With colorful friends of diverse origins, she integrates traditional Chinese beliefs with American ingenuity, holds onto what is most important, and rejoins her family.

Jing Jing Wang’s life and afterlife reveals a child’s transformation from fear to confidence, immaturity to wisdom. Her path, described in the oracle at her birth, is confusing: a short life, productive with many years; a leader in a new territory, revered, wise beyond years, yet unseen.

The challenge for Jing Jing is the challenge for all sentient beings: to do the best we can with what we have. And Jing Jing does—she transforms from a frightened, lost child to a mature being that can trust her own path, without possessions, still holding dear everything important. She perseveres despite an unfamiliar world, weaving cultural and spiritual themes through a lifetime of modern history, as her Chinese beliefs are integrated afresh with American ingenuity.

The story begins in 1924, Jing Jing’s 8th year in legendary Western China with her traditional Chinese Grandmother, just before immigration to Vancouver, British Columbia, Canada, by steamship.
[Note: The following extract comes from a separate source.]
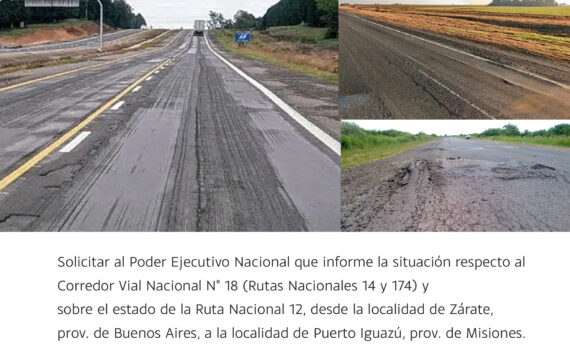 Desde la Cámara de Diputados presentamos un proyecto solicitando informes al Gobierno Nacional para que informe sobre la situación del estado de los caminos que componen el Corredor Vial Nacional Número 18 (Rutas Nacionales 14 y 174) y la Ruta Nacional 12, desde la localidad de Zárate, provincia de Buenos […]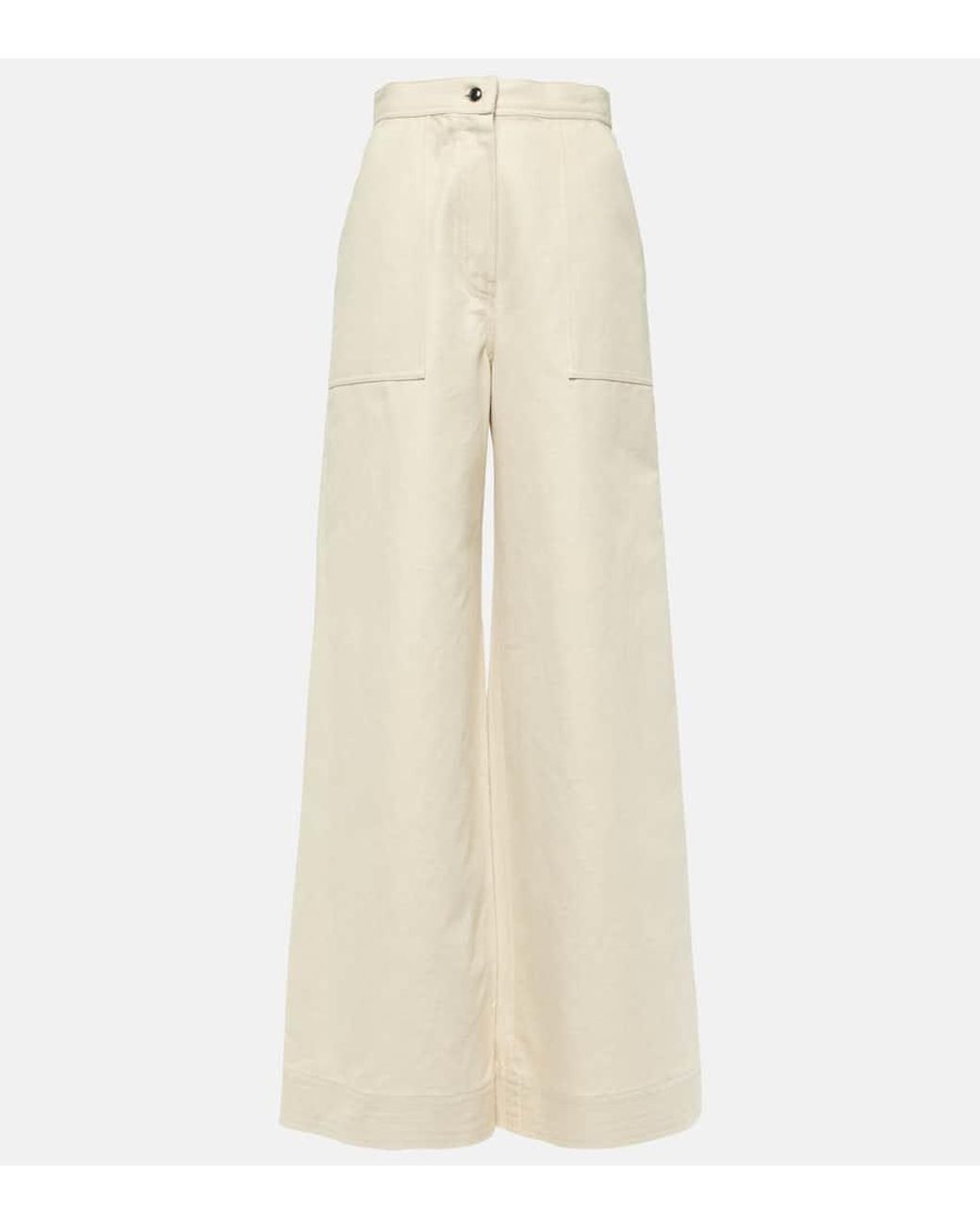 Women's Natural Oboli Cotton And Linen Wide-Leg Trousers

Jing Jing’s father, a bridge engineer, brings his family by train to his 90 day assignment in Portland, Oregon. The Wang Family is warned to avoid bootleggers by staying on the 2nd floor of hotels, and to avoid the dangerous Portland Underground.

They plan to tour scenic Oregon waterfalls, but Jing Jing becomes ill. Rushed to a doctor in the Portland Elks Lodge, Jing Jing succumbs to whooping cough, despite her mother’s pleas for her to “stay.” Dazed, confused, Jing Jing steps out of her lifeless body, which her mourning family carries away. She goes to 2nd floor of the Elks Lodge, certain her family will return for her.

Jing Jing is bewildered by her afterlife in the beautiful Italian Renaissance building she cannot leave, with lavish rooms and Elks members who cannot see her. Resident Chinese ghosts of building help her: Lu Zhang, a cellist who awaits his love, and The Walkers, 8 workers who sleep beneath the building. A magical, silent green parrot, Green Bird, who flies in the building between midnight to dawn, also is a support.

Once a year, on Hungry Ghost Day, lost spirits visit for food, including limping Cangue T’ish, who died a thief, and plots to trade bodies with Jing Jing. By autumn, Jing Jing realizes her family will soon return to Canada via train.

Wishing to join her family, she follows a bootlegger through the Underground towards the train station, but becomes lost, terrified. She encounters Jade Whistling Woman, a ghost trapped by grief, who gives her a pearl. Once The Walkers help Jing Jing get “home,” Green Bird sees the pearl, swallows it and is able to speak, advising her to never go to the Underground again.